A “take no prisoners” approach in litigation can work but what message does it ultimately send? To hear industry reps, recent triumphs against California’s efforts to regulate violence in videogames should blast the word summarized in a certain state’s motto: Don’t tread on us. Especially since, the video gamers say, it will be state taxpayers footing a $1.3 million tab for court costs as part of a curious end to a recent case that advocates say established the First Amendment aspects of a popular electronic entertainment.The Entertainment Software Association, of course, has hastened to let everyone know that California officials have settled with them, agreeing recently to pay $950,000 in court costs, sought by the video game industry group in a relatively rare legal move. As has been pointed out previously, litigants in cases that reach the U.S. Supreme Court can seek to recover costs, though most don’t.

The videogamers did, filing motions that described in some eyebrow-raising detail just how pricey counsel can be in cases that soar to the appellate level and above. The industry, among other things, told the high court that it successfully had pursued similar motions for legal costs at the trial court level ($276,000) and before the Ninth Circuit Court of Appeals ($94,000).

After beating back 2005 legislation introduced by a San Francisco lawmaker and backed by Gov. Arnold Schwarzenegger in last fall’s Brown v. EMA/ESA case before the Supreme Court, the video game industry underscored for its opponents the potential costs of attempting to impose regulations on it with the motions for recovery of court costs, including $24,000 for a moot court-style rehearsal of the case with former Solictors General.

Industry advocates hasten to argue that the state’s regulatory efforts were so ill-founded that even a cursory look at case law should have shooed California legislators away from their attempt. They point, for example, to the precedent of constitutional protections afforded to video game content in Video Software Dealers Ass’n v. Webster, 968 F.2d 684 (8th Cir. 1992), where a statute including violent material in its definition of “obscenity” ruled was ruled unconstitutional. The definition of obscenity by courts generally has been limited to material depicting or describing sexual or erotic conduct. The Webster ruling foreshadowed the idea that when seeking to regulate video games, the courts have declined to expand the definition of obscenity to include materials depicting violence.

Further, in First Amendment cases, attempts to regulate speech are subjected to strict scrutiny and legislation on video games would face this rigorous review. It insists a law must be narrowly tailored to achieve a compelling state interest. Courts employing this test struck down as unconstitutional a St. Louis ordinance  in Interactive Digital Software Ass’n v. St. Louis County, Mo., 329 F.3d 954 (8th Cir. 2003)  in which burghers had sought to make it unlawful for minors to play violent video games without their parent’s consent. Likening video games to other forms of free expression, the Eighth Circuit Court said “these ‘violent’ video games contain stories, imagery, ‘old age themes of literature’ and messages, ‘even an ideology,’ just as books and movies do,”

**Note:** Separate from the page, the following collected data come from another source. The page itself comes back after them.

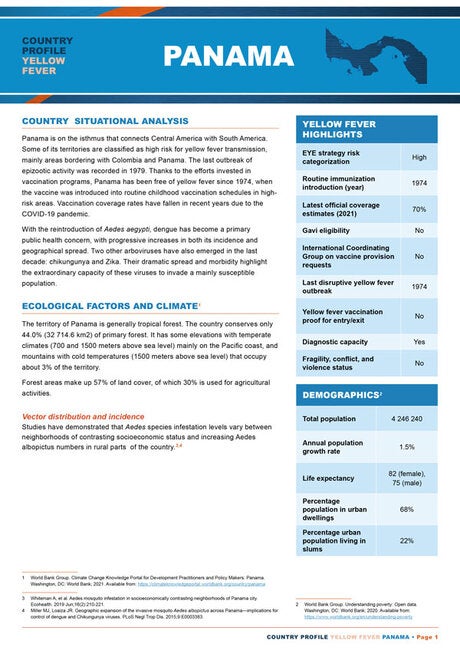 Yellow fever is endemic in several Latin American countries, restricted to enzootic regions of Argentina, Bolivia, Brazil, Colombia, Ecuador, French Guyana, Guyana, Panama, Paraguay, Peru, Suriname, Trinidad and Tobago, and Venezuela. Since the 1950s, urban epidemics have been controlled by a campaign to eradicate Aedes aegypti. Decades later, the mosquito re-infested most of the areas it occupied, spreading other Aedes-borne diseases, dengue, zika and chikungunya, and re-establishing the risk of urban fever epidemics. Yellow fever can be prevented by administering a vaccine. Enzootic countries introduced this vaccine into routine immunization schedules for children between 9 and 18 months of age. However, the drop in vaccination coverage results in a high risk of new outbreaks of varying magnitude. To assist decision-makers in prioritizing preventive actions against this disease, the Pan American Health Organization presents these country profiles with a concise and comprehensive selection of data from endemic countries. Each profile provides an analysis of the current country situation, ecological, and climatic factors associated with the disease, vector distribution and incidence, and key arboviral activity. It also includes a historical perspective of the epidemiology and a summary of the disease vaccination situation in the country. Each of these yellow fever country profiles expands on the situation of yellow fever in each country, including vaccination coverage, number of cases, regional information within the country for presence of the virus, past yellow fever outbreaks, epidemiology, areas with endemicity, arboviral activity, and vaccination campaigns, among other important national and regional indicators.
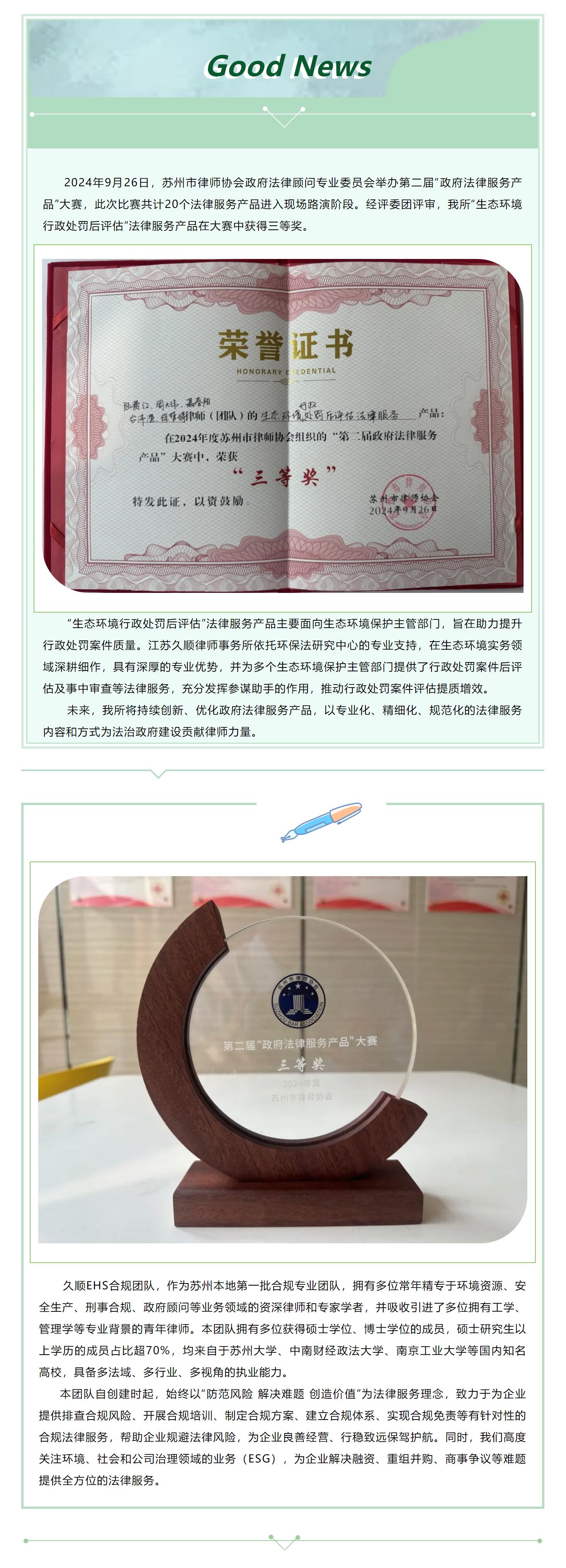 喜报|久顺法律服务产品获第二届“政府法律服务产品”大赛三等奖
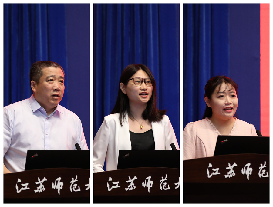 会上,徐州市委宣传部、江苏师范大学现场签署马克思主义学院共建协议,芮国强为贾萍、韩峰、李翠梅、原丰、孟维、张怀红、周长芝、孟庆喜、胡军英、王计兵颁发“江苏师范大学思政课特聘教师”聘书。中国矿业大学马克思主义学院院长阎国华,徐州市鲲鹏路初级中学思政课教师苏维、徐州市太行路小学思政课教师张珮依次发言,围绕如何提升思政课质量总结经验、建言献策。会议还发布了徐州市“博物馆里的思政课”系列课程,邀请了扬州市教育科学研究院副院长王恒富作专家主旨报告。
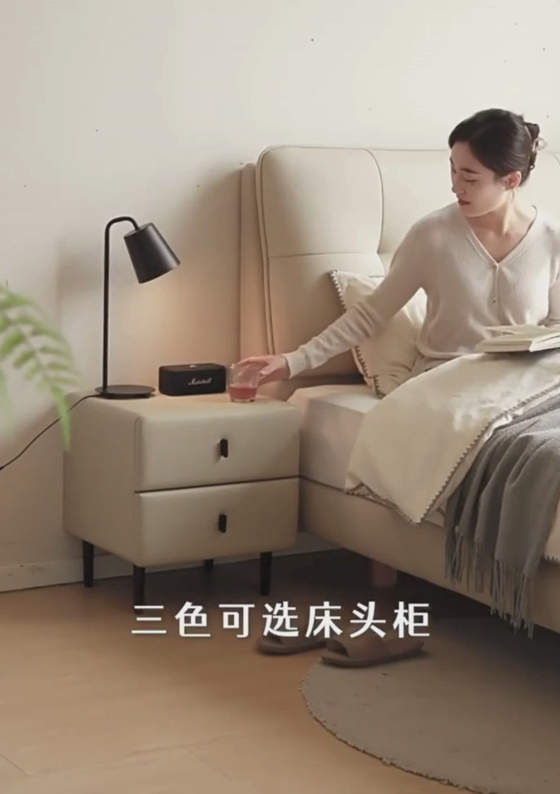 This nightstand features a solid wood exterior made from 100% pure wood, with a pine board frame and paulownia wood drawer. The fabric covering is PVC and not removable or washable. It stands on sturdy iron feet. Delivery and installation are available in over 2000 urban areas nationwide, with some locations requiring additional fees—please contact customer service for details.
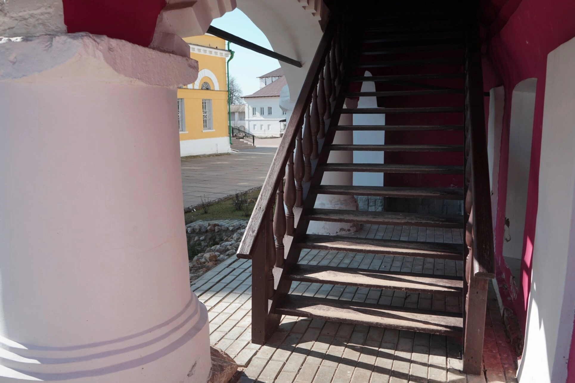 Композиция снимка выстроена вокруг массивной деревянной лестницы с искусно выполненными резными балясинами и перилами, ведущей ко входу в храмовое помещение. Лестничный марш, отбрасывающий чёткие тени на каменную брусчатку, создаёт особый ритмический рисунок, подчёркивающий монументальность архитектурного решения.
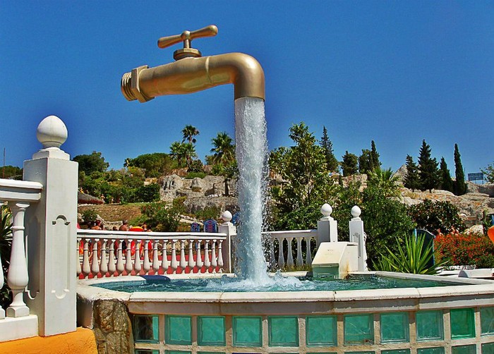 Tap Fountain, Spanyol. Konsel air mancur ini mungkin yang terbaik dan menakjubkan. Terletak di Menorca, Spanyol, air mancur berbentuk keran air raksasa ini terlihat seperti menggantung di udara. Triknya, penopang keran raksasa tersebut ternyata disembunyikan di balik aliran air yang keluar dari air mancur. Keren! Foto: via Brainberries

Then, California authorities also could have taken in Entertainment Software Ass’n v. Blagojevich, 404 F. Supp. 2d 1051 (N.D. Ill. 2005). This case dealt with Illinois’ two statutes to prohibit the sale or rental of “violent” video games to minors. These measures also required that “violent” games be emblazoned with an age restriction:  a 2-by-2-inch, white “18” outlined in black. The statute prohibited the sale or rental of “sexually explicit” video games to minors.

U.S. District Judge Matthew Kennelly tossed all these measures as unconstitutional and enjoined their enforcement on First Amendment grounds.

In Entertainment Software Ass’n v. Foti, 451 F.Supp.2d 823 (M.D. La. 2006), the court preliminarily enjoined enforcement of a Louisiana statute prohibiting the sale or rental to minors of video games or computer games that “appeal to a minor’s morbid interest in violence,” on both First Amendment and vagueness grounds. And in Entertainment Software Ass’n v. Swanson, 519 F.3d 768 (8th Cir. 2008) the court held that a Minnesota law banning minors from renting or purchasing violent video games was unconstitutional. Here the court cited Interactive Digital Software Ass’n v. St. Louis County, saying it was bound by this precedent and it ruled again for the videogame industry using First Amendment protections and strict scrutiny review.

These cases underscore that when California lawmakers acted, they did not do so in a vacuum. The widening legal precedents shows both that politicians across the country felt the impetus to curb video game violence that touched the lives of minors, even as the court cases warned them that regulatory measures would be risky and likely to fail legal tests. And as both the videogame industry and its opponents know — the legal battles appear likely to continue.

There’s more on this matter: see this article and for more on how California lost this battle, see this article.

As a last word, at least on the case fees coughed up by the Golden State: the video gamers say that some of that cash will underwrite an after-school program in underserved areas of Oakland and Sacramento. The group does not say how much its lawyers will be paid.